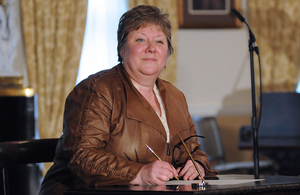 Finance Minister Maureen MacDonald, the former Minister of Health and Wellness, completes her paperwork.
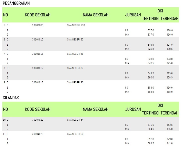 PPDB DKI SMA: PASSING GRADE TAHAP 2 JAKARTA SELATAN
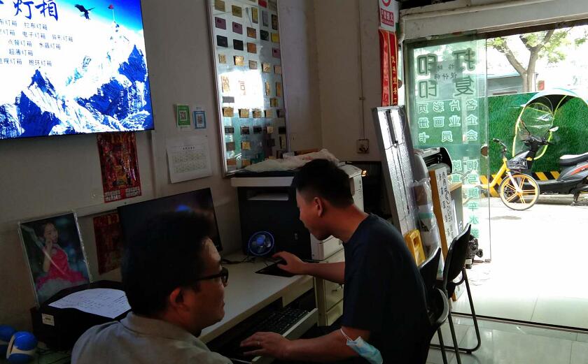 在大觀園彩印市場有一個不笑不說話的年輕人,他叫龐博,是北排1156號商鋪的店主。
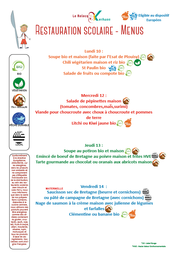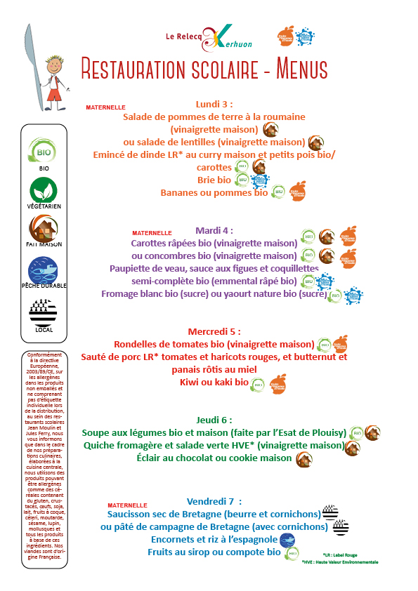 Restauration scolaire Accueil > Petite Enfance, Enfance, Éducation & Jeunesse > Accueils périscolaires > Restauration scolaire Menu du 03/11 au 07/11 Menu du 10/11 au 14/11 Partagez cette page sur
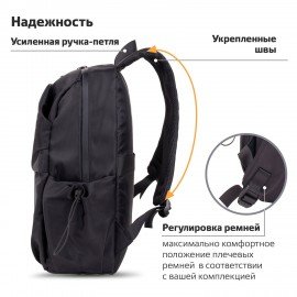 Плотная спинка рюкзака обеспечивает удобное прилегание к спине, способствуя равномерному распределению нагрузки, делая эту модель комфортной и безопасной для ежедневного использования.
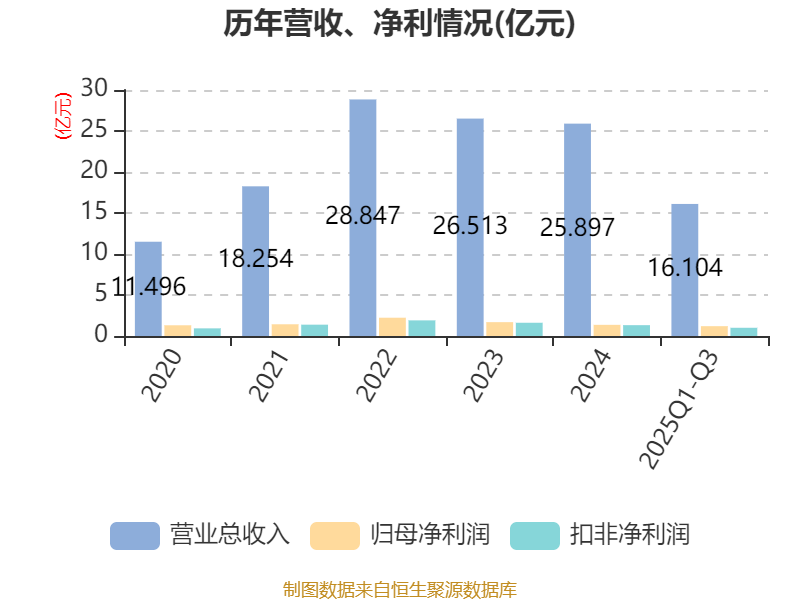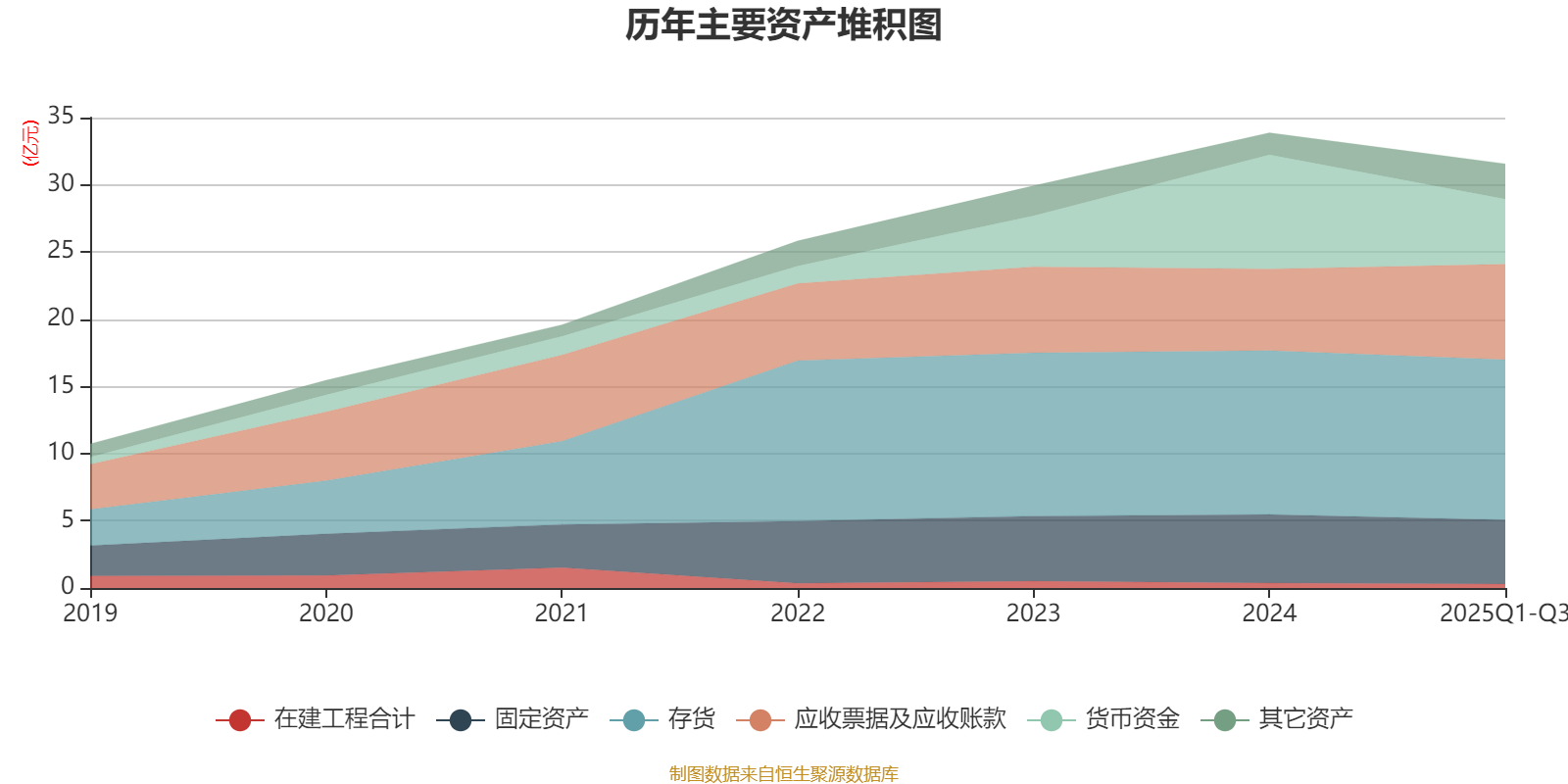 资产重大变化方面,截至2025年三季度末,公司货币资金较上年末减少43.01%,占公司总资产比重下降9.74个百分点;应收票据及应收账款较上年末增加16.89%,占公司总资产比重上升4.56个百分点;存货较上年末减少2.25%,占公司总资产比重上升1.76个百分点;其他应收款(含利息和股利)较上年末增加338.54%,占公司总资产比重上升0.98个百分点。

══════════

Transcribe the listing above exactly, but only from the line with "PPDB DKI SMA: PASSING" through the line with "Плотная спинка рюкзака". Include both of those lines and omit the pictures.

 PPDB DKI SMA: PASSING GRADE TAHAP 2 JAKARTA SELATAN
 在大觀園彩印市場有一個不笑不說話的年輕人,他叫龐博,是北排1156號商鋪的店主。
 Restauration scolaire Accueil > Petite Enfance, Enfance, Éducation & Jeunesse > Accueils périscolaires > Restauration scolaire Menu du 03/11 au 07/11 Menu du 10/11 au 14/11 Partagez cette page sur
 Плотная спинка рюкзака обеспечивает удобное прилегание к спине, способствуя равномерному распределению нагрузки, делая эту модель комфортной и безопасной для ежедневного использования.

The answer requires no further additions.